Maryland v. Buie

Maryland v. Buie Case Brief

United States Supreme Court
494 U.S. 325 (1990)

ISSUE: Is a protective sweep of a house to ensure that there are no persons hidden that could harm officers while effecting an arrest reasonable under the 4th Amdt.?
HOLDING: Yes, when the searching officer possesses a reasonable belief based on specific and articulable facts that the area to be swept harbors an individual posing a danger to those on the arrest scene during an in-home arrest, the police may conduct a protective sweep.
  • 2 men committed an armed robbery of a pizza restaurant, and the police obtained arrest warrants for D and another person
  • After making sure D would be home, the officers executed the arrest warrants and found D in the basement
  • After arresting D, an officer returned to the basement to make sure no one was hiding there and found the track suit used in the robbery in plain view
  • Trial Ct. denied motion to suppress
  • Ct.
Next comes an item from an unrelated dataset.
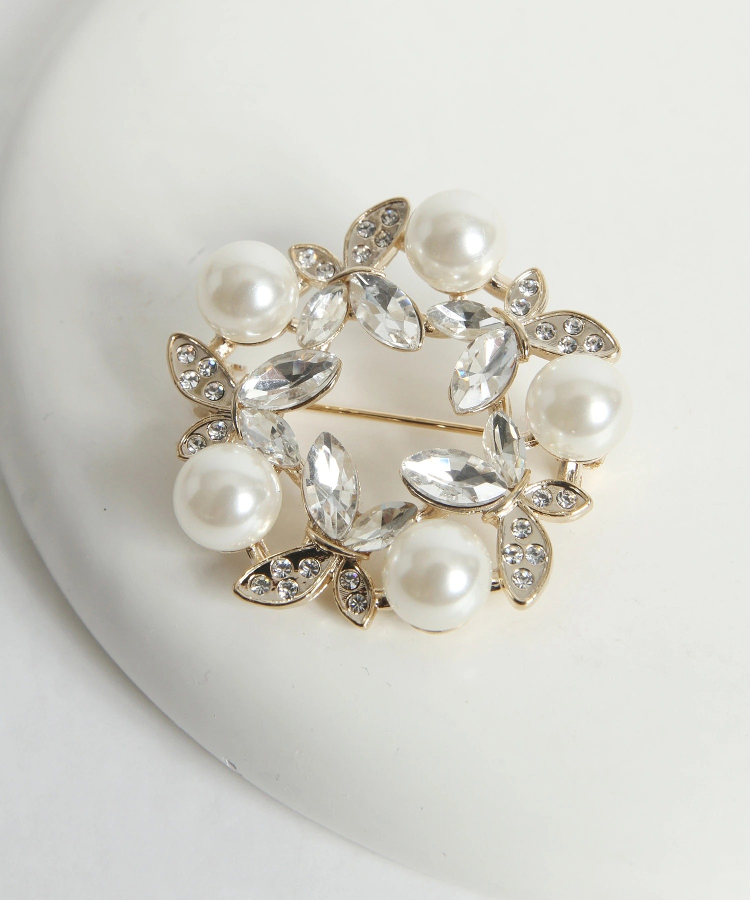 パール×クリアビジューリボンモチーフブローチ tocco c...

App. reversed
  • Protective sweeps valid: Arresting officers are permitted to take reasonable steps to ensure their safety during and after making the arrest
    • There must be specific and articulable facts which, taken together with the rational inferences drawn from them, would warrant a reasonably prudent officer in believing that the area to be swept harbors and individual posing a danger to those on the arrest scene
    • May only be a cursory inspection and not a full sweep
  • This case presents the proposition that the police may perform a cursory protective sweep of a residence when performing a lawful arrest if they reasonably believe that the area to be swept harbors a dangerous individual. This would mean that a normal-sized cigar box is off limits. However, the Plain View Doctrine still applies if the police find contraband in "plain view" while performing a Buie protective sweep.